● **EXERCISE DIRECTIONS**:
In your copy of the records, include every word exactly and no pictures.

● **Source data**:
╔══
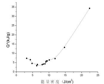 如圖3-5所示,單位面積除漆質(zhì)量先是隨著能量密度上升,在能量密度為6~8 J/cm2之間達到峰值,隨后下降。當(dāng)激光能量密度大于12 J/cm2后,單位面積除漆質(zhì)量顯著下降,此時,激光與樣品表面的作用機理可能已發(fā)生突變。而進一步分析Q*值(Q*=激光能量密度/單位面積除漆質(zhì)量)隨能量密度的變化曲線,如圖3-6所示。可以看出,當(dāng)能量密度大于10 J/cm2后,Q*值隨著激光能量密度的提高大幅提高,說明激光能量的利用效率顯著下降。且在入射激光能量密度為6.5 J/cm2時,Q*值為極小值,約為3 kJ/g。
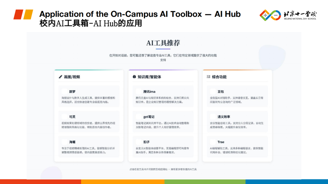 这一转变的发生,成立刚刚一年多的AI星项目组功不可没。该项目组目前已基本覆盖全学科,带动教师们寻找适用的AI教育工具,自主探索落地的可能性,形成应用案例再进行体验式推广。项目组还研发了集画图、视频、知识库、综合功能等为一体的校内AI工具箱(AI Hub)教学辅助工具,便于教师们快捷调用AI工具。
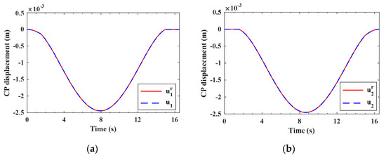 It is interesting to note that the flexural rigidity EI is the only property of the bridge involved in Equation (28) for calculating the contact displacements, and that it will be canceled out since it appears both in the numerator and denominator. Consequently, the coefficients and depend only on the vehicle’s parameters and location on the bridge, all of which are known during the test. In other words, the coefficients and can be readily made available for each test vehicle. By the way, Equation (28) is also applicable to the case with a slight local reduction in flexural rigidity via the involvement of bridge deflections [53]. It should be recalled that the quantity was already made available via the use of Equation (22). Inasmuch as one can calculate the vehicle–bridge contact displacements by substituting Equation (28) into Equation (23) to yield and , which are also roughness free. The reliability of the above procedure for calculating the contact displacements will be verified by the FEM in Section 4. Finally, the surface profile of the bridge can be recovered by deducting from the estimated input .
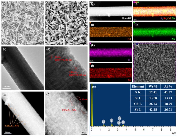 图1 (a) Sb2S3纳米棒的SEM图像,(b) Sb2S3@CdSexS1-x光电极的SEM图像,(c) TEM图像,(d) 高分辨TEM图像,(e, f) HAADF图像,(g–l) Cd、Sb、S和Se的元素分布图,以及(m, n) Sb2S3@CdSexS1-x光电极的EDS光谱。
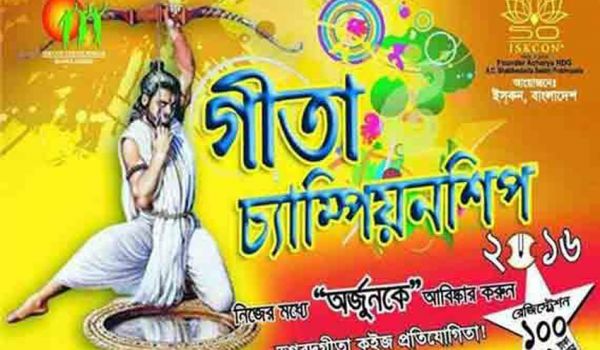 নিজেদের মধ্যে ‘‘অর্জুনকে’’ আবিস্কার করুন’ এই ম্লোগানকে সামনে রেখে আন্তর্জাতিক কৃষ্ণ ভাবনামৃত সংঘ (ইসকন) বাংলাদেশের আয়োজনে দেশ ব্যাপী গীতা চ্যাম্পিয়নশিপ-২০১৬ এর ভগবদগীতা কুইজ প্রতিযোগীতার রেজিষ্ট্রেশন কর্মসুচী শেষ হয়েছে।
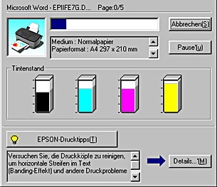 Sie können den Füllstand der Tintenpatronen entweder mit dem EPSON-Statusmonitor3 oder dem Fortschrittsbalken prüfen. Näheres finden Sie jeweils im entsprechenden Abschnitt weiter unten.
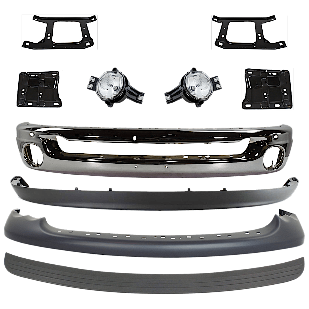 Replacement 10-Piece Kit Front Bumper, Chrome, Includes (1) Bumper, (4) Bumper Bracket, (1) Bumper Trim, (2) Fog Light, and (2) Valance
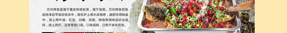 万州烤鱼是属于重庆汉族传统名菜,属于渝菜。据说万州烤鱼的由来是从非洲传来的,一名捕到鱼的非洲土著,烤了很久鱼还未熟, 便把那条鱼加入汤汁调味料边吃烤,发现比以往任何时候都鲜美,从此就有了这道美味,烤鱼相传已有千余年历史。 万州烤鱼把鱼剖洗净后平放在铁夹中,放在炉上用木炭烧烤,盛到专用铁盘中,浇上用牛油、红油、白糖、花椒、辣椒等调味品炒出底料, 放上西芹、豆芽等爽口菜。成菜带酒精炉上桌, 可以起到很好的保温作用,食客吃完主料后还可以根据个人口味继续涮食蔬菜。万州烤鱼将腌、烤、炖三种烹饪方法有机结合,香味浓郁、汤色红亮、辣而不燥、外皮香脆、肉质鲜嫩, 具有独特的焦香味和浓郁的料香味! 在回放千百年饮食文化的同时,也引领了现代烤鱼新时尚。
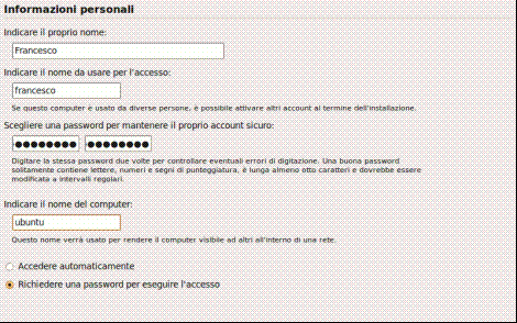 Procediamo con l’installazione e compiliamo i campi della schermata "Informazioni personali" come nella figura di esempio:
╚══
● **SOLUTION TO THIS PROBLEM**:
 如圖3-5所示,單位面積除漆質(zhì)量先是隨著能量密度上升,在能量密度為6~8 J/cm2之間達到峰值,隨后下降。當(dāng)激光能量密度大于12 J/cm2后,單位面積除漆質(zhì)量顯著下降,此時,激光與樣品表面的作用機理可能已發(fā)生突變。而進一步分析Q*值(Q*=激光能量密度/單位面積除漆質(zhì)量)隨能量密度的變化曲線,如圖3-6所示。可以看出,當(dāng)能量密度大于10 J/cm2后,Q*值隨著激光能量密度的提高大幅提高,說明激光能量的利用效率顯著下降。且在入射激光能量密度為6.5 J/cm2時,Q*值為極小值,約為3 kJ/g。
 这一转变的发生,成立刚刚一年多的AI星项目组功不可没。该项目组目前已基本覆盖全学科,带动教师们寻找适用的AI教育工具,自主探索落地的可能性,形成应用案例再进行体验式推广。项目组还研发了集画图、视频、知识库、综合功能等为一体的校内AI工具箱(AI Hub)教学辅助工具,便于教师们快捷调用AI工具。
 It is interesting to note that the flexural rigidity EI is the only property of the bridge involved in Equation (28) for calculating the contact displacements, and that it will be canceled out since it appears both in the numerator and denominator. Consequently, the coefficients and depend only on the vehicle’s parameters and location on the bridge, all of which are known during the test. In other words, the coefficients and can be readily made available for each test vehicle. By the way, Equation (28) is also applicable to the case with a slight local reduction in flexural rigidity via the involvement of bridge deflections [53]. It should be recalled that the quantity was already made available via the use of Equation (22). Inasmuch as one can calculate the vehicle–bridge contact displacements by substituting Equation (28) into Equation (23) to yield and , which are also roughness free. The reliability of the above procedure for calculating the contact displacements will be verified by the FEM in Section 4. Finally, the surface profile of the bridge can be recovered by deducting from the estimated input .
 图1 (a) Sb2S3纳米棒的SEM图像,(b) Sb2S3@CdSexS1-x光电极的SEM图像,(c) TEM图像,(d) 高分辨TEM图像,(e, f) HAADF图像,(g–l) Cd、Sb、S和Se的元素分布图,以及(m, n) Sb2S3@CdSexS1-x光电极的EDS光谱。
 নিজেদের মধ্যে ‘‘অর্জুনকে’’ আবিস্কার করুন’ এই ম্লোগানকে সামনে রেখে আন্তর্জাতিক কৃষ্ণ ভাবনামৃত সংঘ (ইসকন) বাংলাদেশের আয়োজনে দেশ ব্যাপী গীতা চ্যাম্পিয়নশিপ-২০১৬ এর ভগবদগীতা কুইজ প্রতিযোগীতার রেজিষ্ট্রেশন কর্মসুচী শেষ হয়েছে।
 Sie können den Füllstand der Tintenpatronen entweder mit dem EPSON-Statusmonitor3 oder dem Fortschrittsbalken prüfen. Näheres finden Sie jeweils im entsprechenden Abschnitt weiter unten.
 Replacement 10-Piece Kit Front Bumper, Chrome, Includes (1) Bumper, (4) Bumper Bracket, (1) Bumper Trim, (2) Fog Light, and (2) Valance
 万州烤鱼是属于重庆汉族传统名菜,属于渝菜。据说万州烤鱼的由来是从非洲传来的,一名捕到鱼的非洲土著,烤了很久鱼还未熟, 便把那条鱼加入汤汁调味料边吃烤,发现比以往任何时候都鲜美,从此就有了这道美味,烤鱼相传已有千余年历史。 万州烤鱼把鱼剖洗净后平放在铁夹中,放在炉上用木炭烧烤,盛到专用铁盘中,浇上用牛油、红油、白糖、花椒、辣椒等调味品炒出底料, 放上西芹、豆芽等爽口菜。成菜带酒精炉上桌, 可以起到很好的保温作用,食客吃完主料后还可以根据个人口味继续涮食蔬菜。万州烤鱼将腌、烤、炖三种烹饪方法有机结合,香味浓郁、汤色红亮、辣而不燥、外皮香脆、肉质鲜嫩, 具有独特的焦香味和浓郁的料香味! 在回放千百年饮食文化的同时,也引领了现代烤鱼新时尚。
 Procediamo con l’installazione e compiliamo i campi della schermata "Informazioni personali" come nella figura di esempio:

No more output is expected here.